I thought I would edit my question as by the comment it seems this is a very insecure way of doing what I am trying to acheive.
What I want to do is allow the user to import a .csv file but I want them to be able to set the fields they import.
Is there a way of doing this apart from the way I tried to demonstrate in my original question?
Thank you
Daniel
This problem I am having has been driving me mad for weeks now, everything I try that to me should work fails.
Basically I have a database with a bunch of fields in.
In one of my pages I have the following code
$result = mysql_query("SHOW FIELDS FROM my_database.products");
while ($row = mysql_fetch_array($result)) {
$field = $row['Field'];
if ($field == 'product_id' || $field == 'product_name' || $field == 'product_description' || $field == 'product_slug' || $field == 'product_layout') {
} else {
echo '<label class="label_small">'.$field.'</label>
<input type="text" name="'.$field.'" id="input_text_small" />';
}
}
This then echos a list of fields that have the label of the database fields and also includes the database field in the name of the text box.
I then post the results with the following code
$result = mysql_query("SHOW FIELDS FROM affilifeed_1000.products");
$i = 0;
while ($row = mysql_fetch_array($result)) {
$field = $row['Field'];
if ($field == 'product_name' || $field == 'product_description' || $field == 'product_slug' || $field == 'product_layout') {
} else {
$input_field = $field;
$output_field = mysql_real_escape_string($_POST[''.$field.'']);
}
if ($errorcount == 0) {
$insert = "INSERT INTO my_database.products ($input_field)
VALUES ('$output_field')";
$result_insert = mysql_query($insert) or die ("<br>Error in database<b> ".mysql_error()."</b><br>$result_insert");
}
}
if ($result_insert) {
echo '<div class="notification_success">Well done you have sucessfully created your product, you can view it by clicking here</div>';
} else {
echo '<div class="notification_fail">There was a problem creating your product, please try again later...</div>';
}
It posts sucessfully but the problem is that it creates a new "row" for every insert.
For example in row 1 it will post the first value and then the rest will be empty, in row 2 it will post the second value but the rest will be empty, row 3 the third value and so on...
I have tried many many many things to get this working and have researched the foreach loop which I haven't been familiar with before, binding the variable, imploding, exploding but none of them seem to do the trick.
I can kind of understand why it is doing it as it is wrapped in the while loop but if I put it outside of this it only inserts the last value.

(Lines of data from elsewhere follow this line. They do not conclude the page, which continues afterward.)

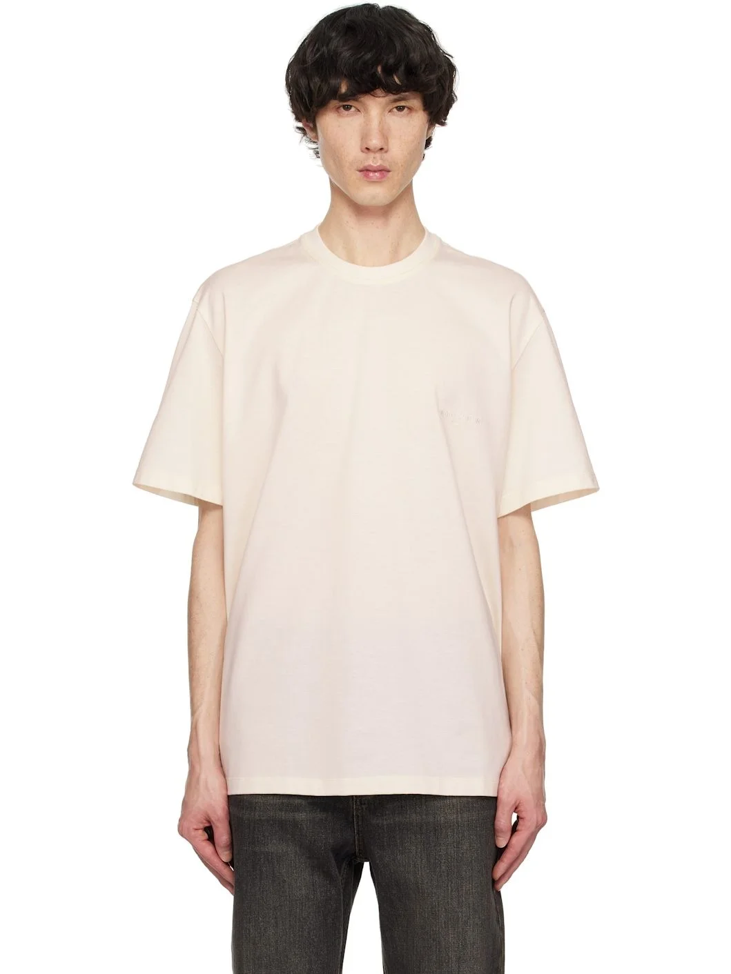Cotton jersey T-shirt. · Rib-knit crewneck · Logo embroidered at chest and back collar · Vented side seams Supplier color: Ivory Body: 100% cotton. Trim: 66% cotton, 29% polyester, 5% spandex. Made in South Korea 251704M213029
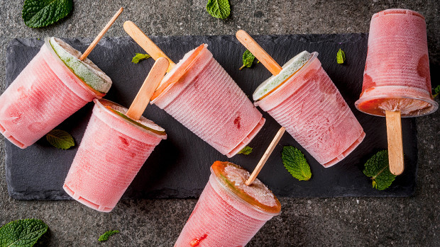 Замороженный арбуз. Нарежьте мякоть кусочками, сложите в один слой на застеленную пергаментом доску и отправьте в морозилку. Когда мякоть схватится, можно пересыпать кусочки-льдинки в пакет. После разморозки арбуз, конечно, размякнет, но для коктейлей, смузи и желе останется годным.
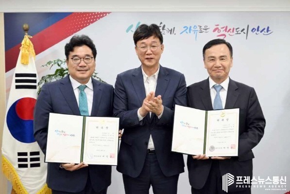 | ▲ 안산시, 고문변호사 2명 신규 위촉(왼쪽부터 안성용 변호사, 이민근 안산시장, 임정혁 변호사)사진=안산시 |
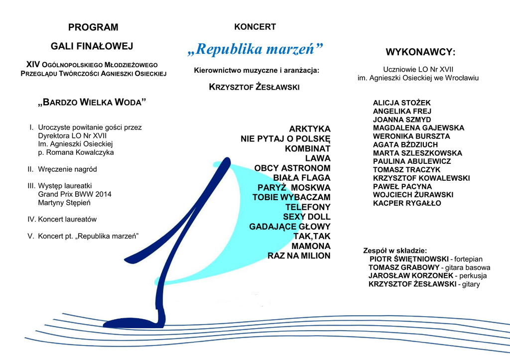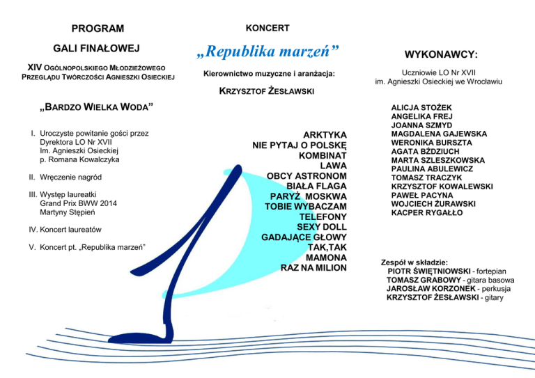 PROGRAM KONCERT GALI FINAŁOWEJ „Republika marzeń” XIV OGÓLNOPOLSKIEGO MŁODZIEŻOWEGO PRZEGLĄDU TWÓRCZOŚCI AGNIESZKI OSIECKIEJ Kierownictwo muzyczne i aranżacja: KRZYSZTOF ŻESŁAWSKI „BARDZO WIELKA WODA” I. Uroczyste powitanie gości przez Dyrektora LO Nr XVII Im. Agnieszki Osieckiej p. Romana Kowalczyka II. Wręczenie nagród III. Występ laureatki Grand Prix BWW 2014 Martyny Stępień IV. Koncert laureatów V. Koncert pt. „Republika marzeń” ARKTYKA NIE PYTAJ O POLSKĘ KOMBINAT LAWA OBCY ASTRONOM BIAŁA FLAGA PARYŻ MOSKWA TOBIE WYBACZAM TELEFONY SEXY DOLL GADAJĄCE GŁOWY TAK,TAK MAMONA RAZ NA MILION WYKONAWCY: Uczniowie LO Nr XVII im. Agnieszki Osieckiej we Wrocławiu ALICJA STOŻEK ANGELIKA FREJ JOANNA SZMYD MAGDALENA GAJEWSKA WERONIKA BURSZTA AGATA BŹDZIUCH MARTA SZLESZKOWSKA PAULINA ABULEWICZ TOMASZ TRACZYK KRZYSZTOF KOWALEWSKI PAWEŁ PACYNA WOJCIECH ŻURAWSKI KACPER RYGAŁŁO Zespół w składzie: PIOTR ŚWIĘTNIOWSKI - fortepian TOMASZ GRABOWY - gitara basowa JAROSŁAW KORZONEK - perkusja KRZYSZTOF ŻESŁAWSKI - gitary Wielka Woda SPONSORZY XIV OGÓLNOPOLSKI MŁODZIEŻOWY PRZEGLĄD słowa: Agnieszka Osiecka TWÓRCZOŚCI AGNIESZKI OSIECKIEJ Trzeba mi wielkiej wody, Tej dobrej i tej złej, Na wszystkie moje pogody ,Niepogody duszy mej. Trzeba mi wielkiej drogi Wśród wiecznie młodych bzów, Na wszystkie moje złe bogi , Niebogi z moich snów... organizowany przez Oceanów mrukliwych I strumieni życzliwych, Czarnych głębin niepewnych I opowieści rzewnych... Drogi białosrebrzystej, Dróżki nieuroczystej, Piachów siebie niepewnych I ptasich rozmów śpiewnych... Liceum Ogólnokształcące Nr XVII im. Agnieszki Osieckiej Centrum Kultury Wrocław- Zachód pod patronatem I tylko taką mnie ścieżką poprowadź, Gdzie śmieją się śmiechy w ciemności I gdzie muzyka gra, muzyka gra... Nie daj mi Boże, broń Boże skosztować Tak zwanej życiowej mądrości, Dopóki życie trwa, póki życie trwa... Trzeba mi wielkiej wody, Tej dobrej i tej złej, Na wszystkie moje pogody, Niepogody duszy mej Trzeba mi wielkiej psoty, Trzeba mi psoty, hej... Na wszystkie moje tęsknoty, Ochoty duszy mej. Prezydenta Wrocławia Rafała Dutkiewicza Gala Finałowa 27 marca 2015 PATRONAT MEDIALNY Centrum Kultury Wrocław-Zachód ul. Chociebuska 4-6, godz. 19.00 Wielkich wypraw pod Kraków, Nocnych rozmów rodaków, Wysokonogich lasów I bardzo dużo czasu...

Can anyone shed any light as to why this is happening?
If you need any more info please let me know.
Thank you
Daniel
You're treating each field you're displaying as its own record to be inserted. Since you're trying to create a SINGLE record with MULTIPLE fields, you need to build the query dynamically, e.g.
foreach ($_POST as $key => $value);
$fields[] = mysql_real_escape_string($key);
$values[] = "'" . msyql_real_escape_string($value) . "'";
} // build arrays of the form's field/value pairs
$field_str = implode(',', $fields); // turn those arrays into comma-separated strings
$values_str = implode(',', $values);
$sql = "INSERT INTO yourtable ($field_str) VALUES ($value_str);"

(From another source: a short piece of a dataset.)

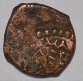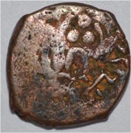 Coin in irregular shape. Obverse Deer at the centre and facing female figure with upraised right hand. Brahmi legend in left. Reverse Swastika in right, arched hill with umbrella at the centre, tree railing in left and nandi pada on the top.
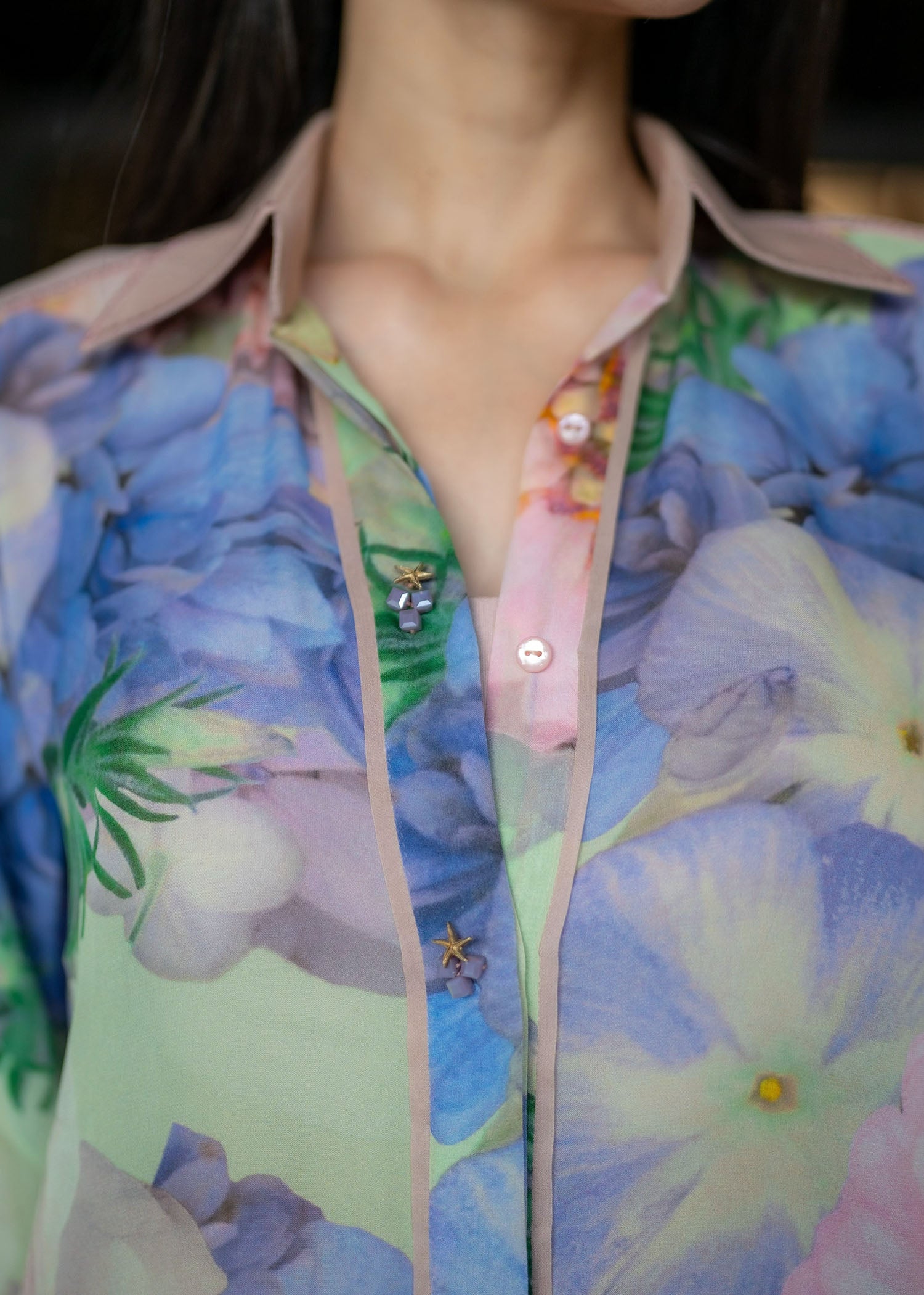 - Button-down Malai chiffon shirt

// insert those strings into the query
$result = mysql_query($sql) or die(mysql_error());
which will give you
INSERT INTO youtable (field1, field2, ...) VALUES ('value1', 'value2', ...)

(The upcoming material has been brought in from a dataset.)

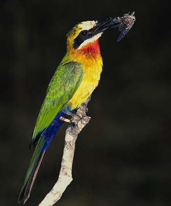 Белолобая щурка обитает в африканских саваннах и редколесьях.

Note that I'm using the mysql library here, but you should avoid it. It's deprecated and obsolete. Consider switching to PDO or mysqli before you build any more code that could be totally useless in short order.
On a security basis, you should not be passing the field values directly through the database. Consider the case where you might be doing a user permissions management system. You probably wouldn't want to expose a "is_superuser" field, but your form would allow anyone to give themselves superuser privileges by hacking up their html form and putting a new field saying is_superuser=yes.
This kind of code is downright dangerous, and you should not be using it in a production system, no matter how much sql injection protect you build into it.
Alright....I can't say that I know exactly whats going on but lets try this...
First off....
$result = mysql_query("SHOW FIELDS FROM my_database.products");
$hideArray = array("product_id","product_name","product_description", "product_slug","product_layout");
while ($row = mysql_fetch_array($result)) {
if (!in_array($row['Field'], $hideArray)){
echo '<label class="label_small">'.$field.'</label>
<input type="text" name="'.$field.'" id="input_text_small" />';
}
}
Now, why you would want to post this data makes not sense to me but I am going to ignore that.....whats really strange is you aren't even using the post data...maybe I'm not getting something....I would recommend using a db wrapper class...that way you can just through the post var into....ie. $db->insert($_POST) ....but if you ware doing it long way...
$fields = "";
$values = "";
$query = "INSERT INTO table ";
foreach ($_POST as $key => $data){
$values .= $data.",";
$fields .= $fields.",";
}
substr($values, 0, -1);
substr($fields, 0, -1);
$query .= "(".$fields.") VALUES (".$values.");";
This is untested....you can also look into http://php.net/manual/en/function.implode.php so you don't have to do the loop.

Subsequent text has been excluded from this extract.